Entries taken from a collection
#####
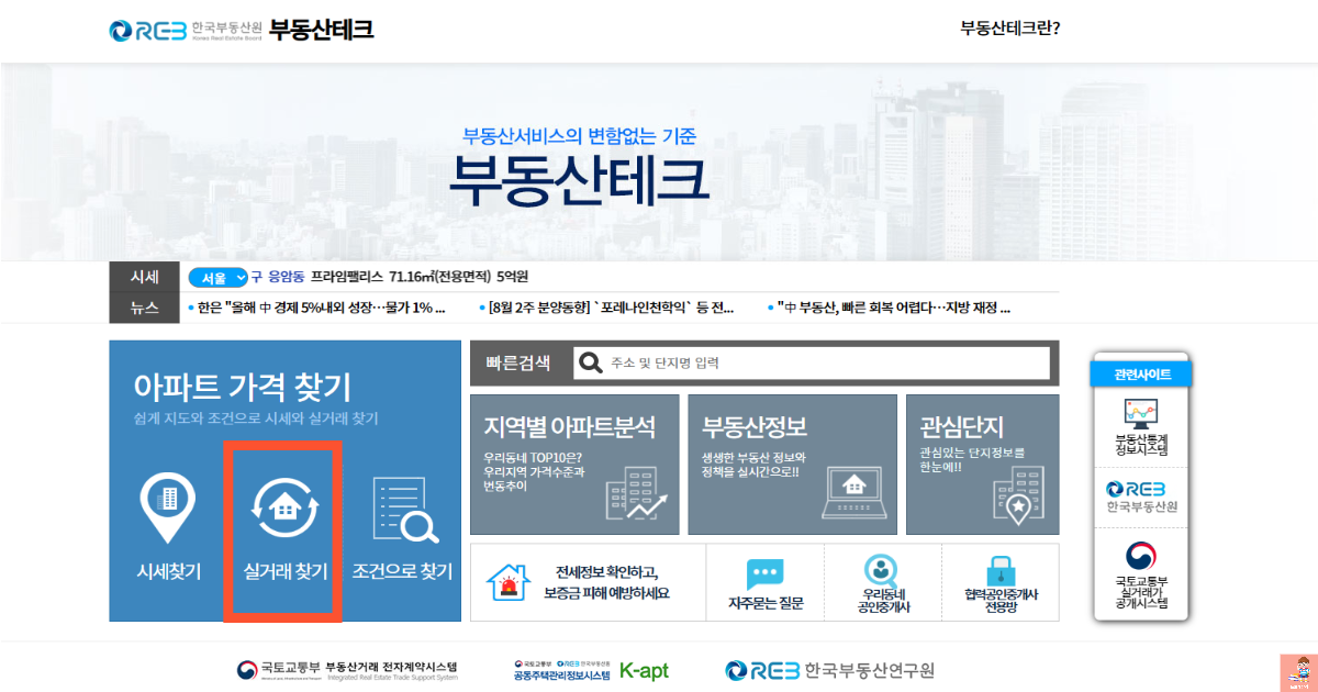 2. 빨간색으로 표시 된 실거래 찾기를 클릭해주세요.
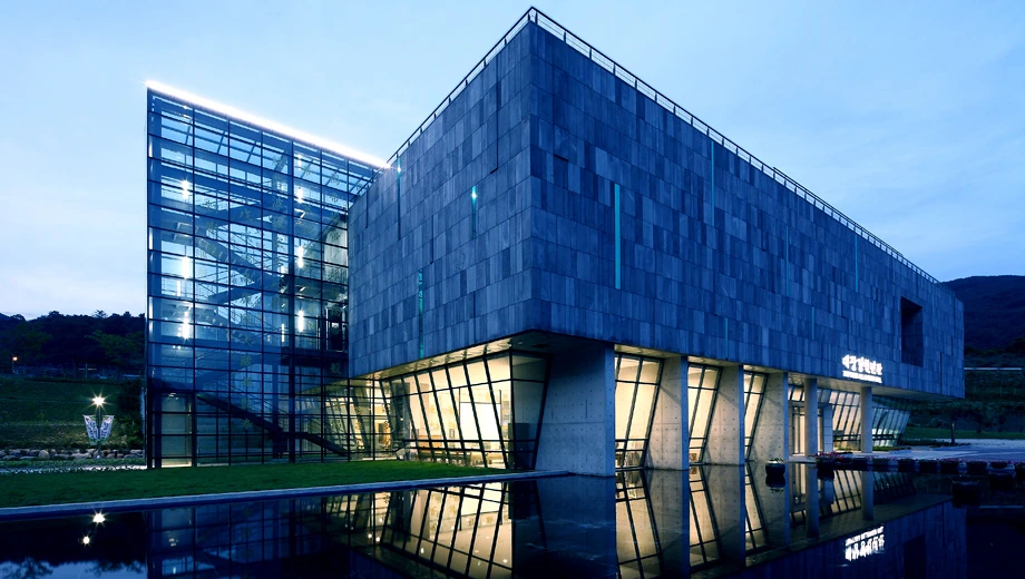 한국 대표 사찰인 해인사와 그 안에 팔만대장경이 있다는 것 정도가 우리 나라 대부분 사람들의 합천에 대한 사전 정보가 아닐까. 팔만대장경은 고려 시대에 몽고 침입을 불심으로 이겨내자는 의도였다. 역사적으로 우리 나라의 뛰어난 목판 인쇄술을 증명한다는 가치로 자긍심을 심어주기에 열중이다. 반면에 환란을 종교의 힘으로 극복하기만을 바랬던 국가의 무능을 방증할 것이다. 어쨌든 기념비적인 의미를 품고 탄생한 대장경 테마파크는 아주 큰 공원처럼 꾸려진 부지에 세 개 동으로 구성된 곳이었다.
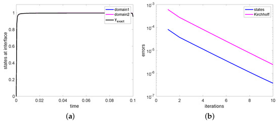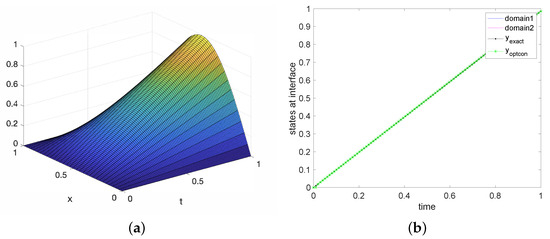 In the first example, we consider an exact solution for comparison. We rearrange the intervals such that their union, after a proper change of variables, can be represented by . We take ; correspondingly, we take the right-hand side . Now, we take as the target the solution , meaning that the adjoint is effectively zero everywhere and the optimal state is the exact solution. We take the parameters (see Remark 2) and start with zero initial data. We start the iterations with zero values. For the discretization, we choose spatial points and time points. In the first part of the experiment, we take the domain decomposition algorithm based on the optimality system (DD for the OS) (4), (5), while in the second part of the experiment we take the domain decompostion for the virtual optimal control problem (DD for the virtual OCP) (6), (5). In both cases, we take the same process parameters in order to ensure a good comparison. In the first part we solve the local optimality systems in each iteration, while in the second part we invoke an optimization routine for the corresponding virtual control problem. For the latter, we take IPOPT as the optimizer, which uses the MUMPS linear solver. The package we use is CASADI-OPT https://web.casadi.org/ (accessed on 10 January 2024). Clearly, the optimal choice of the parameters depends on the penalty parameters , and the choice may differ depending on the method; here, we keep both sets in order to make for a better comparison. Of course, when using the optimization approach for the virtual control problem, the IPOPT solver again employs a number of parameters, which makes a very precise numerical comparison of this matter difficult. In Figure 1, we show on the left (Figure 1a) the states on the two sub-domains and on the right (Figure 1b) the states at the interface . As a result, there is no visible difference between the results obtained from the iterations (4) and (6). The corresponding errors of the states and the derivatives are shown in Figure 2.
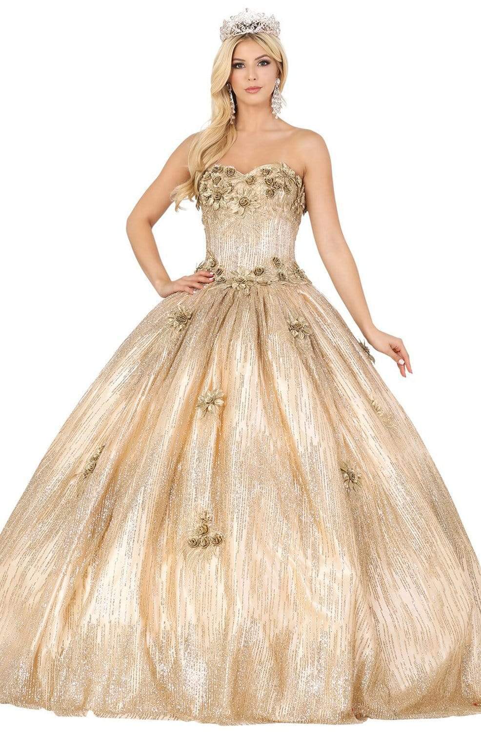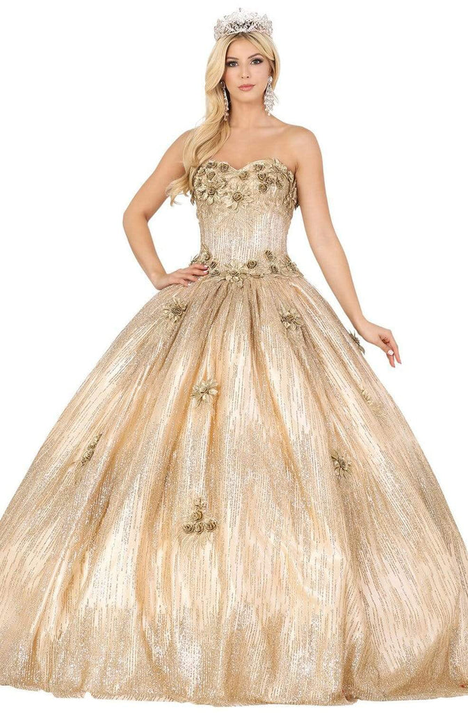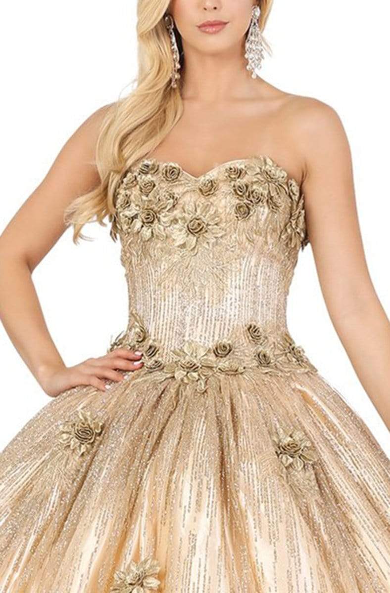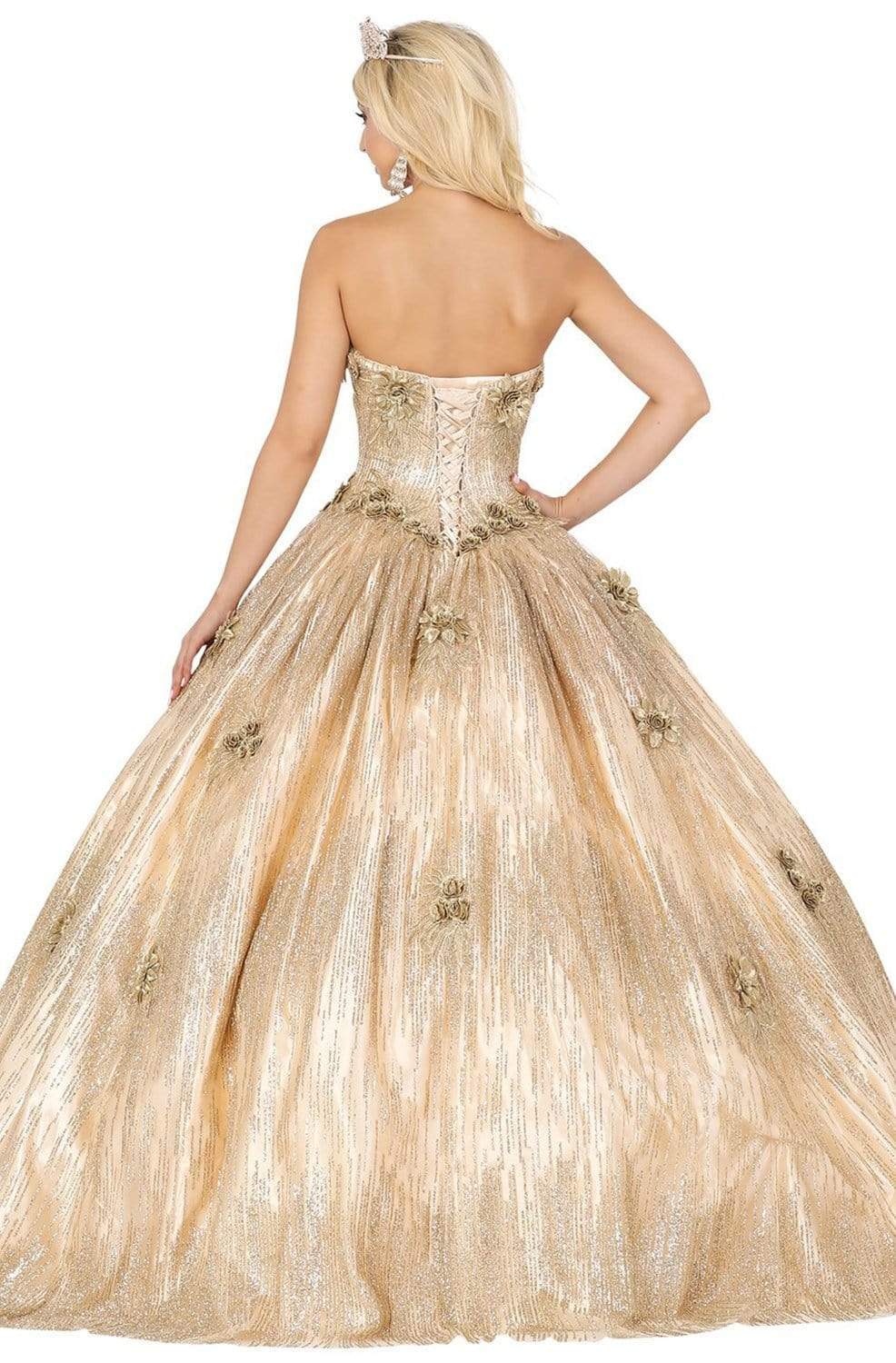Brave the evening with temptress beauty and grace wearing this design from Dancing Queen 1533. This gown delights in a strapless, sweetheart neckline with a fitted bodice and a lace up back. The gown is adorned with floral appliques and scattered throughout the ballgown skirt. Flatter your shape with a sculpted style from Dancing Queen.
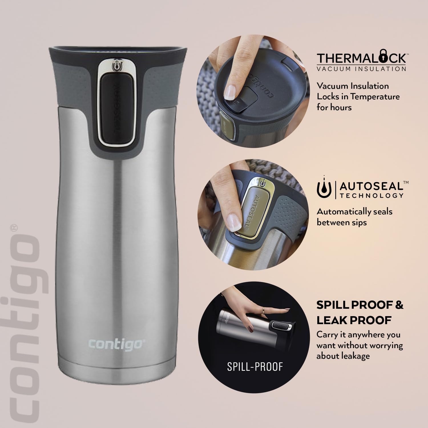 Contigo West Loop Autoseal Travel Mug, Stainless Steel Thermal Mug, Vacuum Flask, Leakproof Tumbler, Coffee Mug with BPA-Free Easy-Clean Lid
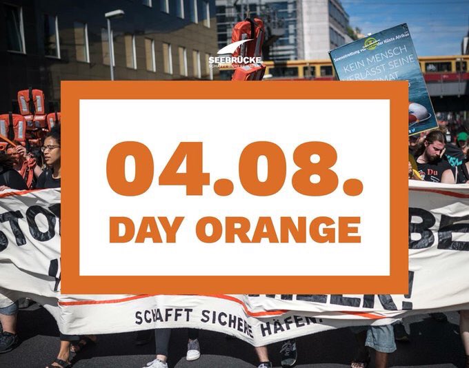 Die Teilnehmenden werden gebeten, mit orangener Kleidung ihre Solidarität mit den Geflüchteten und der Seenotrettung zu zeigen.
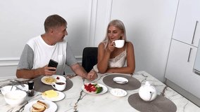 Couple Having Breakfast Together In Modern Kitchen Setting Videos
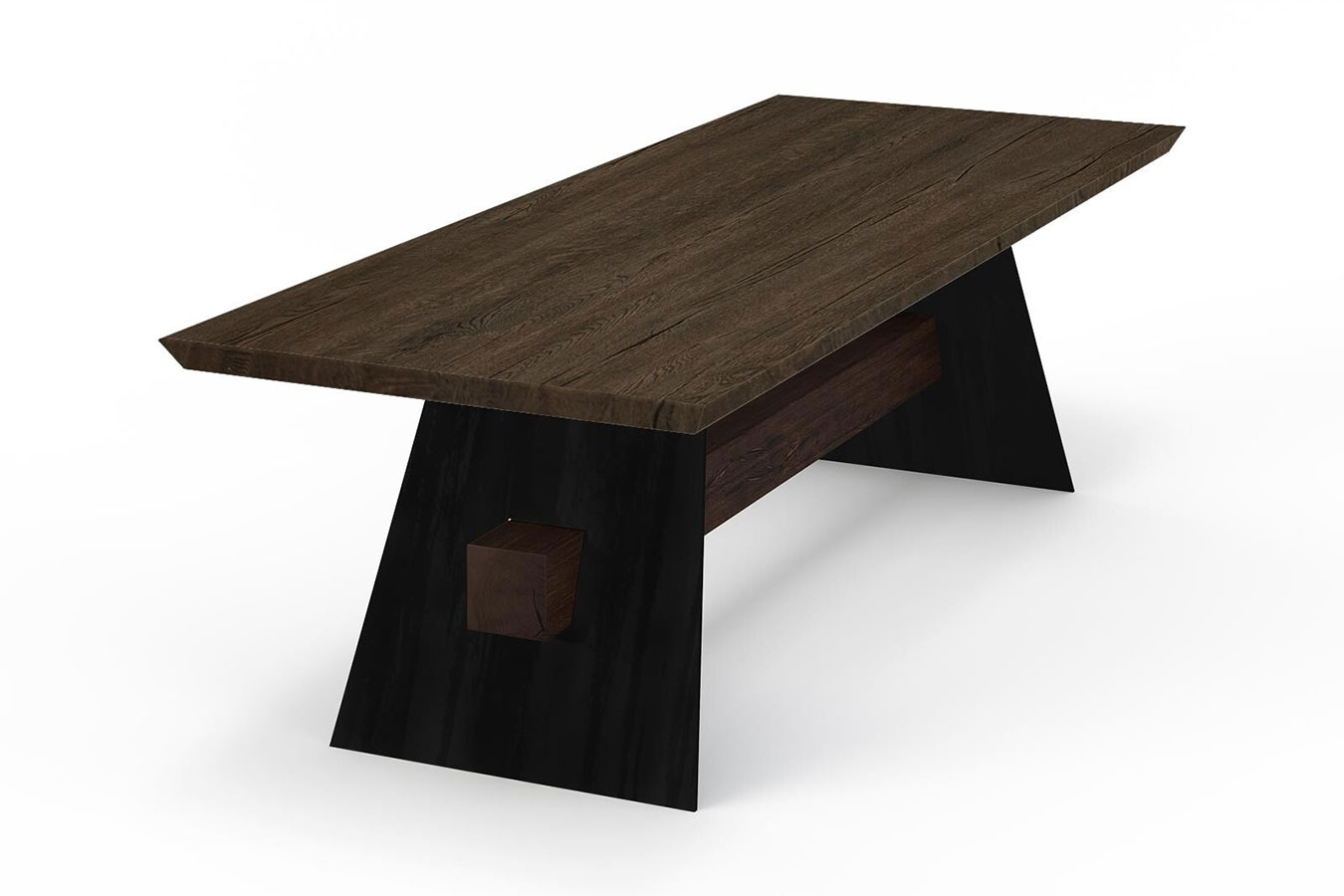 Die beiden Metallfüße in zeitlosem Schwarz sorgen nicht nur für Stabilität, sondern setzen auch einen modernen Akzent. Die Kontrastwirkung zwischen dem dunklen Metall und dem warmen Holz verleiht diesem Tisch eine zeitgemäße und dennoch rustikale Note.
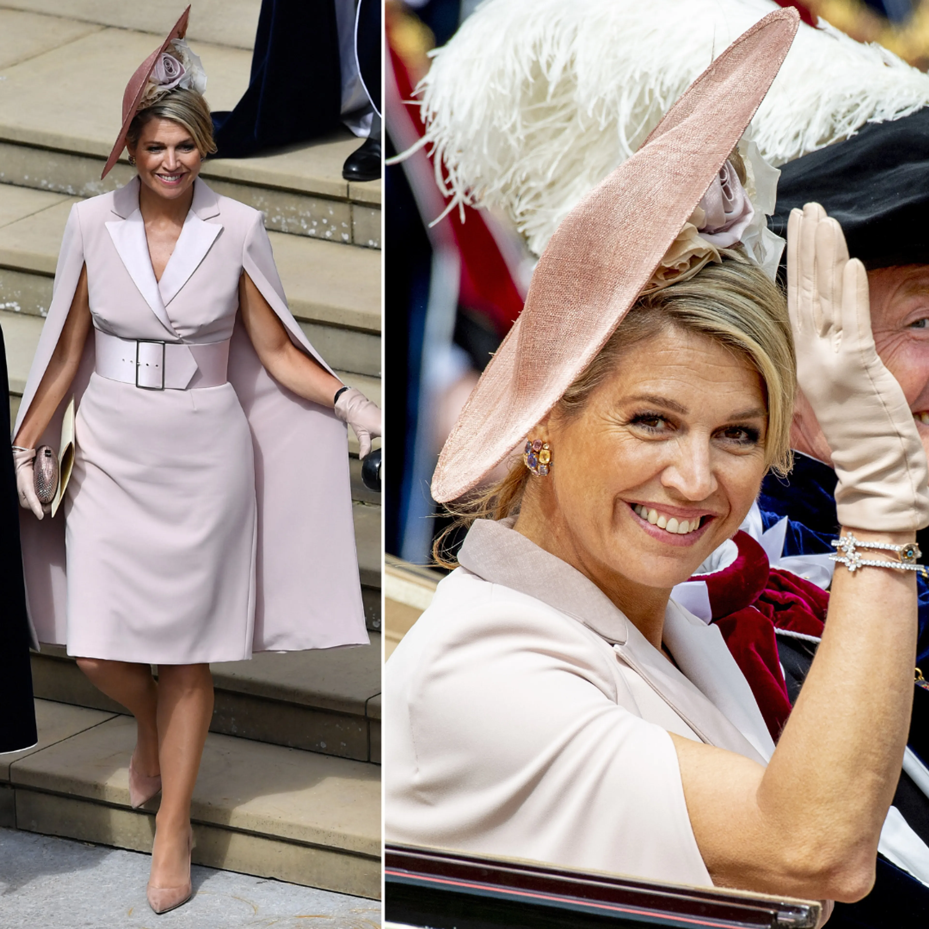 Deze lichtroze capejurk is een plaatje als je het ons vraagt. Koningin Máxima droeg het ontwerp op 17 juni 2019 in Engeland. Toen werd koning Willem-Alexander geïnstalleerd tot ridder in de Orde van de Kousenband.
#####
**PROBLEM TO WORK ON**
What is needed is an exact copy of the lines from the one with "Die Teilnehmenden werden" through the end of the data above, both included, minus any pictures.

**RESPONSE TO THE TASK**
 Die Teilnehmenden werden gebeten, mit orangener Kleidung ihre Solidarität mit den Geflüchteten und der Seenotrettung zu zeigen.
 Couple Having Breakfast Together In Modern Kitchen Setting Videos
 Die beiden Metallfüße in zeitlosem Schwarz sorgen nicht nur für Stabilität, sondern setzen auch einen modernen Akzent. Die Kontrastwirkung zwischen dem dunklen Metall und dem warmen Holz verleiht diesem Tisch eine zeitgemäße und dennoch rustikale Note.
 Deze lichtroze capejurk is een plaatje als je het ons vraagt. Koningin Máxima droeg het ontwerp op 17 juni 2019 in Engeland. Toen werd koning Willem-Alexander geïnstalleerd tot ridder in de Orde van de Kousenband.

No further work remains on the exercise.